Fiscal Decentralisation in Cambodia: A Review of Progress and Challenges
Khmer PDF (10)
Abstract/Summary
To achieve democratic development, Cambodia’s next step towards
fiscal decentralisation will focus on both institutional and service delivery
reform at district level so as to strengthen the capacity of the sub-national
administration and better link it to sectoral service delivery. To move
forwards, fiscal decentralisation needs to be comprehensive and well
coordinated with other cross-cutting reforms, especially the Public Financial
Management Reform Programme, and sectoral reforms. This does not mean that
everything has to be done at the same time, for doing so would overwhelm existing
capacity and go against the more gradual ‘learning by doing’ philosophy of
Cambodia’s decentralisation. Being comprehensive entails setting out the longer
term vision, anticipating the kinds of challenges that lie ahead and planning
realistic and flexible sequencing strategies.
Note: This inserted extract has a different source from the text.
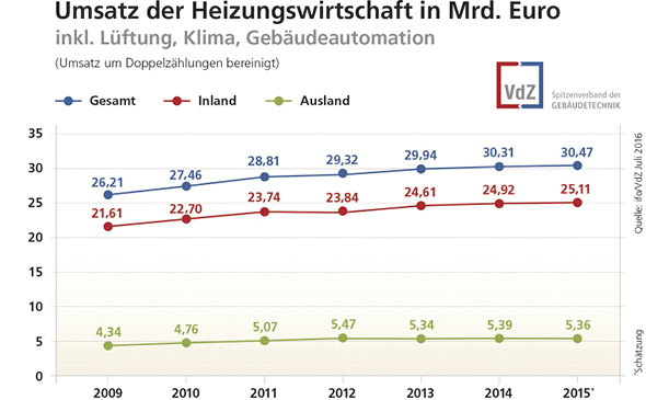 Nach Schätzungen des Münchener ifo Instituts zur konjunkturellen Entwicklung der Heizungswirtschaft ist 2015 der um Doppelzählungen bereinigte Umsatz der Branche (Hersteller von Heizkesseln, Brennern, Heizkörpern, Heizungspumpen, Regeltechnik und Armaturen, Lüftung, Klima, Gebäudeautomation; Großhandel und Installierende Unternehmen) gegenüber den Vorjahren leicht gestiegen. Laut einer Meldung der VdZ hat die Heizungs- und Lüftungs/Klimabranche in Deutschland 2015 einen Umsatz von 30,47 Mrd. Euro erwirtschaftet. Dies entspricht einem Plus von 0,5 % gegenüber dem Vorjahr. Treibende Kraft war dabei die stabile Entwicklung der Inlandsnachfrage. Hier stieg der Umsatz um 0,8 % und belief sich damit auf 25,11 Mrd. Euro. Für das Auslandsgeschäft schätzt das ifo Institut einen Rückgang von 0,6 % auf 5,36 Mrd. Euro. Die gesamte Haus- und Gebäudetechnikbranche profitierte 2015 von dem weiterhin positiven Wirtschaftswachstum und der stabilen Baukonjunktur in Deutschland. Im Installierenden Gewerbe stieg der Umsatz um 0,4 % auf 23,2 Mrd. Euro. Die Umsätze des Großhandels stiegen um 1,1 % auf 9,5 Mrd. Euro. In der Industrie wirkten sich die stabilen Ausgaben für den Wohnungsbau positiv aus. Dieser Branchenbereich erwirtschaftete 2015 Erlöse in Höhe von 13 Mrd. Euro, ein deutliches Plus von 8,3 % im Vergleich zum Vorjahr. Für 2016 erwartet das ifo Institut positive Impulse für die Heizungswirtschaft durch private Konsumausgaben sowie durch einen kräftigen Anstieg der realen Bauinvestitionen. www.vdzev.de

Linking decentralisation to sectoral policy is particularly challenging – especially given the current centralised patronage-based process associated with sectoral service delivery and state budget management. The challenges are compounded by the parallel fragmented nature of donor support through numerous vertical projects. Overcoming them requires that fiscal decentralisation in the future should not be seen as mostly initiated and driven by the Ministry of the Interior, but rather by the sectors themselves. That donors be involved and supportive of decentralisation is no less important.
There are reasons for both optimism and pessimism about the next
step of fiscal decentralisation under the Organic Law. On the one hand,
successful experience with communes since 2002 engenders the strong hope that
the government will again prove its adaptability and successfully navigate the
reform. On the other hand, commune reform has barely touched on the kinds of
tasks expected in the next step, namely functional assignment, revenue
assignment, and more systematic inter-governmental transfer. Some basic
components and tasks, including functional and revenue assignment, were hardly
implemented under the commune reform. Starting on these tasks will definitely
run into resistance from central agencies, a test that will prove how committed
the government is to fiscal decentralisation.